4. Let go of the legacy network in favor of a more secure modern framework. Relying on an aging, outmoded network infrastructure invites trouble, particularly as organizations move more key business functions and data to the cloud, and as demand for remote network access increases to support employees and patients. For businesses ranging from healthcare to retail, software-defined wide-area networking (SD-WAN) is emerging as the modern network framework of choice, for the integrated multilayered security, ease of management, scalability, reliable from-anywhere connectivity and cost-efficiency that it provides. Indeed, stronger security is among the most appealing aspects of SD-WAN, we found in our survey of C-level healthcare execs, 42% of whom named security as the most important factor in their organization choosing SD-WAN.
5. Step into SASE. There’s good reason that most conversations about network security these days eventually lead to SASE. Short for Secure Access Service Edge, SASE isn’t just a catchy buzzword, it’s a legitimate counter to the increasingly sophisticated and varied cyberattacks that are victimizing companies inside and outside the healthcare industry. SASE essentially is a fabric of network and security technologies that overlays SD-WAN. It interlaces components, including Firewall as a Service (FWaaS), Secure Web Gateways (SWG), Zero Trust Network Access (ZTNA) and Cloud Access Security Broker (CASB), to form a unified connectivity framework that is uniquely positioned to intercept, inspect, secure and optimize all traffic across a network.

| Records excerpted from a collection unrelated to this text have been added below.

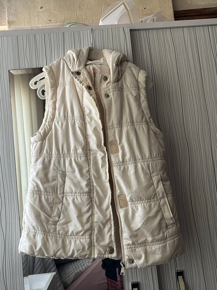 kolsuz beyaz yelek, yumuşak ve sıcak kumaştan, normal midi boyda ve yakalı, günlük kullanım için uygundur.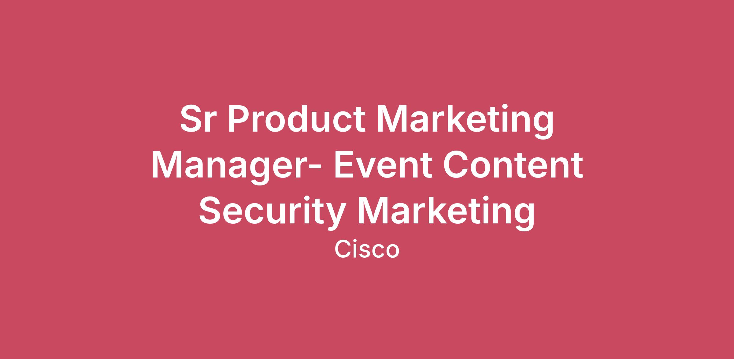 The application window is expected to close on: 02/27/2026Job posting may be removed earlier if the position is filled or if a sufficient number of applications are received.Remote United StatesYour ImpactWe’re looking for a product marketing professional who can blend creative storytelling with sharp strategic execution to help shape the future of Security Marketing. In today’s digital-first world, product launches aren’t just announcements—they’re the moments that define innovation, capture market attention, and fuel business growth. This role is not only about crafting powerful strategies and narratives but also about driving them forward with rigor and operational excellence. You’ll use data-driven insights to shape compelling stories, while ensuring flawless execution that turns vision into measurable impact.You will work cross-functionally to: -Define the launch payload and determine the optimal timing and forums to bring it to market.-Craft compelling storylines and narratives that reflect a unified, company-wide perspective.-Execute the launch strategy by ensuring all supporting content and assets are built and delivered.-Partner with the events team to align on event strategy and programming that fully supports the launch.Strategic Responsibilities:-Own and elevate event content strategy to spotlight launch themes and narratives that strengthen market perception.-Guiding event press releases to maximize visibility, media impact, and thought leadership.-Leading the event blog strategy to ensure the right mix of voices and perspectives that extend our influence across audiences.-Defining booth messaging that reinforces strategic value propositions and clearly differentiates us in the market.- Driving the demo strategy—including selection, design, and staffing—to showcase innovation and create memorable customer experiences.-Shaping speaking agendas and curating speakers to reinforce our leadership position and resonate with customer and industry priorities.-Creating and scaling "Know Before You Go" (KBYG) enablement to equip staff with the narratives, payloads, and messaging required to drive consistency and confidence.- Leading program management and quality control to ensure every content initiative is executed to the highest standard and delivers measurable business impact.Minimum Qualifications-10+ years of experience in product and/or solution marketing, with a focus on storytelling, content development, and content strategy or editorial leadership—ideally within cybersecurity, enterprise technology, or B2B SaaS.-Event operations experience required for consideration.-Proven self-starter with a passion for strategic excellence, audience engagement, and a strong bias for action.-Exceptional project execution skills with meticulous attention to detail and a proactive, risk-mitigation mindset.-Proficiency with marketing automation (including Generative AI), strategic optimization tools (e.g., JIRA), and digital analytics platforms.-Demonstrated success operating within large, matrixed organizations, with the ability to build consensus, influence stakeholders, and drive decision-making at scale.Preferred-MBA, preferably from a top tier university-Foundational understanding of security concepts, including the following domains: network security, secure access, security analytics and response, and identity.-Possesses an understanding of AI technologies and applications with a strong desire to stay updated on the latest advancements and trends.-Strong organizational and strategic thinking skills, with experience in managing marketing budgets and ensuring compliance with legal standards Why Cisco? At Cisco, we’re revolutionizing how data and infrastructure connect and protect organizations in the AI era – and beyond. We’ve been innovating fearlessly for 40 years to create solutions that power how humans and technology work together across the physical and digital worlds. These solutions provide customers with unparalleled security, visibility, and insights across the entire digital footprint.Fueled by the depth and breadth of our technology, we experiment and create meaningful solutions. Add to that our worldwide network of doers and experts, and you’ll see that the opportunities to grow and build are limitless. We work as a team, collaborating with empathy to make really big things happen on a global scale. Because our solutions are everywhere, our impact is everywhere. We are Cisco, and our power starts with you. Message to applicants applying to work in the U.S. and/or Canada:The starting salary range posted for this position is $196,000.00 to $247,000.00 and reflects the projected salary range for new hires in this position in U.S. and/or Canada locations, not including incentive compensation*, equity, or benefits.Individual pay is determined by the candidate's hiring location, market conditions, job-related skillset, experience, qualifications, education, certifications, and/or training. The full salary range for certain locations is listed below. For locations not listed below, the recruiter can share more details about compensation for the role in your location during the hiring process.U.S. employees are offered benefits, subject to Cisco’s plan eligibility rules, which include medical, dental and vision insurance, a 401(k) plan with a Cisco matching contribution, paid parental leave, short and long-term disability coverage, and basic life insurance. Please see the Cisco careers site to discover more benefits and perks. Employees may be eligible to receive grants of Cisco restricted stock units, which vest following continued employment with Cisco for defined periods of time.U.S. employees are eligible for paid time away as described below, subject to Cisco’s policies:10 paid holidays per full calendar year, plus 1 floating holiday for non-exempt employees1 paid day off for employee’s birthday, paid year-end holiday shutdown, and 4 paid days of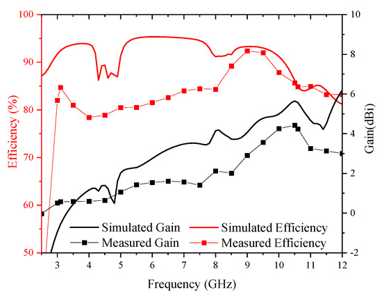 Figure 12 depicts the simulated and measured results for the peak gain and radiation efficiency of the UWB-MIMO antenna. The peak gain exhibits a range of from −1 dBi to 6 dBi, and the efficiency ranges from 77.3% to 95.3%, within the desired FCC UWB frequency range. The simulation was carried out without introducing the SMA connector; this is the cause of the differences observed between the simulations and measurements. The introduction of this port into the manufactured prototype caused additional ohmic losses, leading to the reduction in the antenna efficiency and, consequently, its gain.
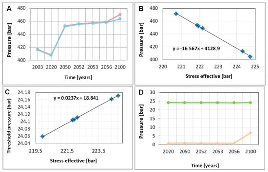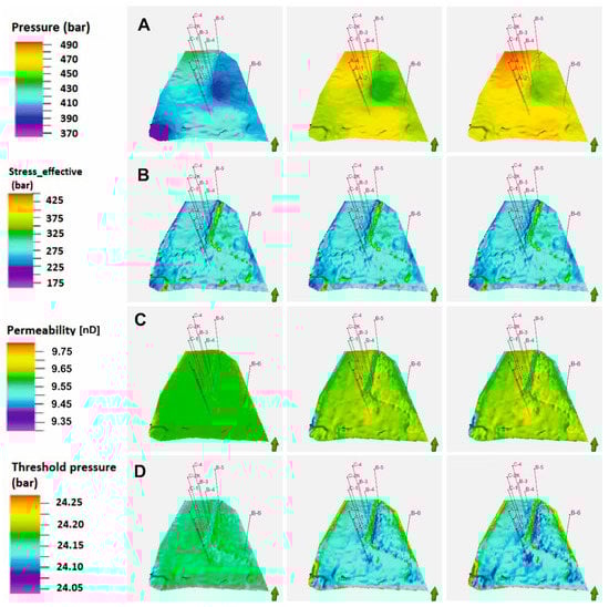 The developed 3D models of the geomechanical and petrophysical parameters were used as inputs to the geomechanical simulation. These were run for seven time steps (2003, 2020, 2050, 2052, 2053, 2056, and 2100) over the course of the hydrocarbon field exploitation and CO2 injection, which were defined by the distribution of the reservoir fluid pressure developed in the reservoir fluid flow modelling. The calculated stress field reflecting the geomechanical states of the analysed rocks at specific time steps were then used to evaluate the tightness of the caprock, which could potentially leak the injected and stored CO2.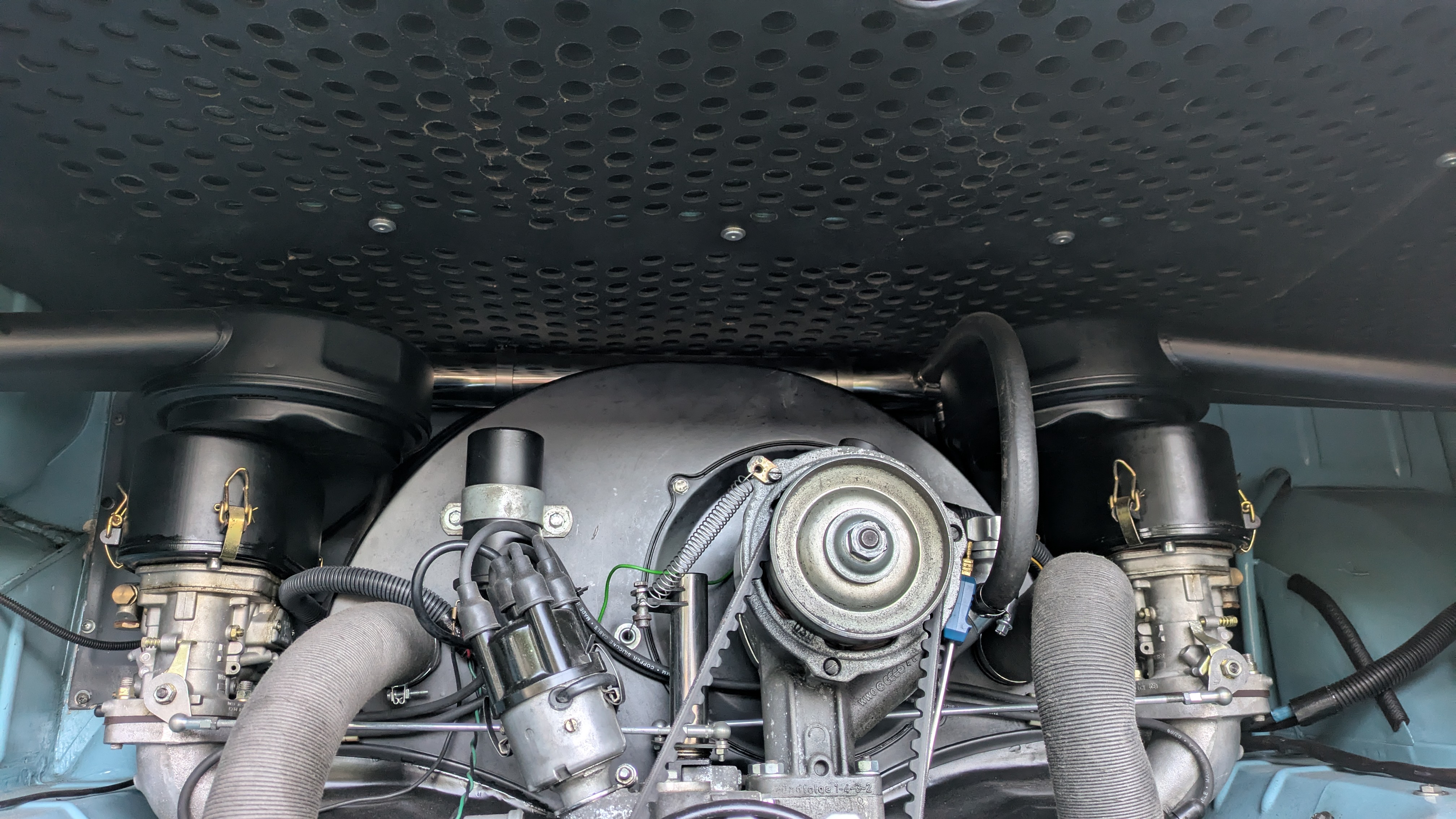 Ich habe im Freundeskreis noch einen komplett originalen, unrestaurierten 70er da könnte ich bei Gelegenheit mal ein Foto vom Motorraum machen.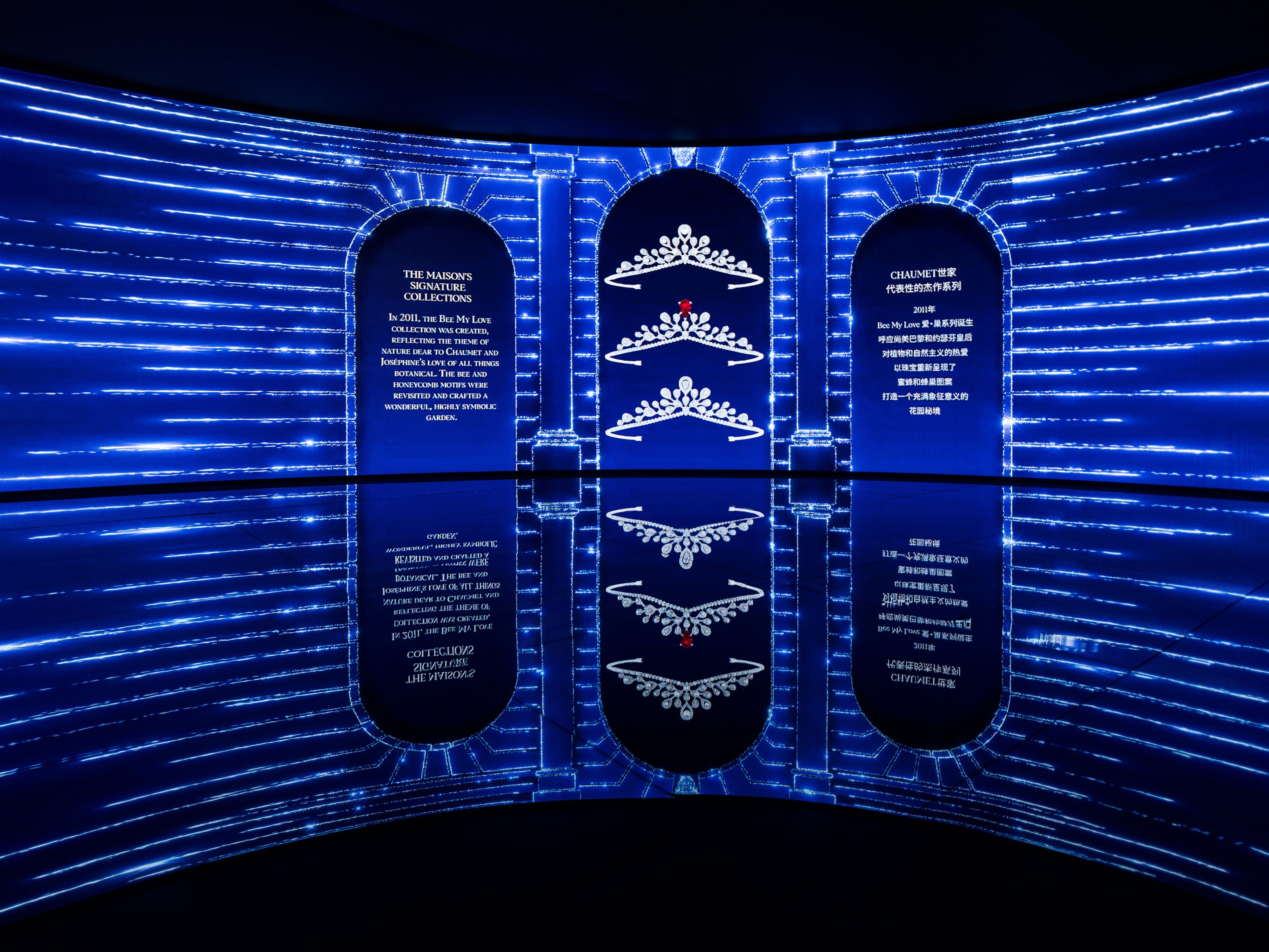 CHAUMET尚美巴黎于上海北外滩国客中心· 虹空间艺术中心呈现“Tiara Dream冠冕绮梦”沉浸式互动体验,甄选展出古董冠冕旷世典藏与当代冠冕杰作,创作年份跨越210年,亦包含首次来到中国的珍贵冠冕作品,结合原始手绘稿、黑白胶片及藏家照片,立体呈现尚美世家独树一帜的深厚积淀,同时运用当代的陈列装置与互动方式,将始自巴黎芳登广场的荣耀传奇延续至沪上,为观众创造出沉浸式探索“尚美之冠”的摩登体验。展览将对公众开放至10月15日。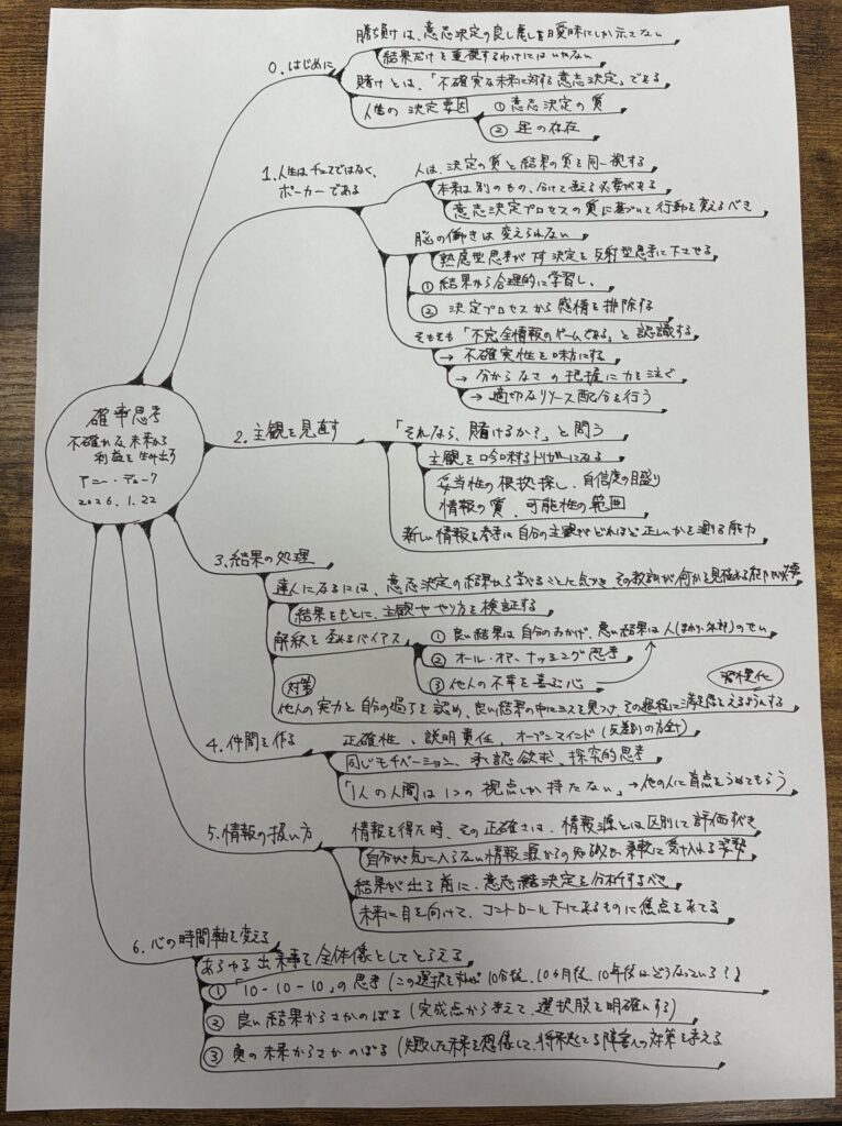 意思決定を結果と切り離して評価することの大切さを説明するのが本書の趣旨ですが、私はこれまで、結果(勝ち負け)に引きずられすぎて、意思決定そのものをきちんと評価できていなかったことに気づかされました。

Importantly in this era of remote working and remote patient services and care, SASE extends the edge of the private network, providing persistent connectivity and security wherever an organization’s users and resources are. It’s scalable, and it can be monitored and managed through a single portal, significantly improving administrators’ experience by providing a consistent and unified interface to monitor and manage both network and security investments. Another advantage with SASE is it accommodates phased-in implementation, so organizations can test the waters with one or two of the aforementioned technologies before committing to using all of them.
The healthcare industry’s rapid shift to digital technology, remote access and the cloud brings new vulnerabilities that organizations can choose to address with modest steps or major initiatives. As cyberattack victims will attest, either is better than meeting a hacker’s ransom demands, or swallowing the high cost of a remediation campaign.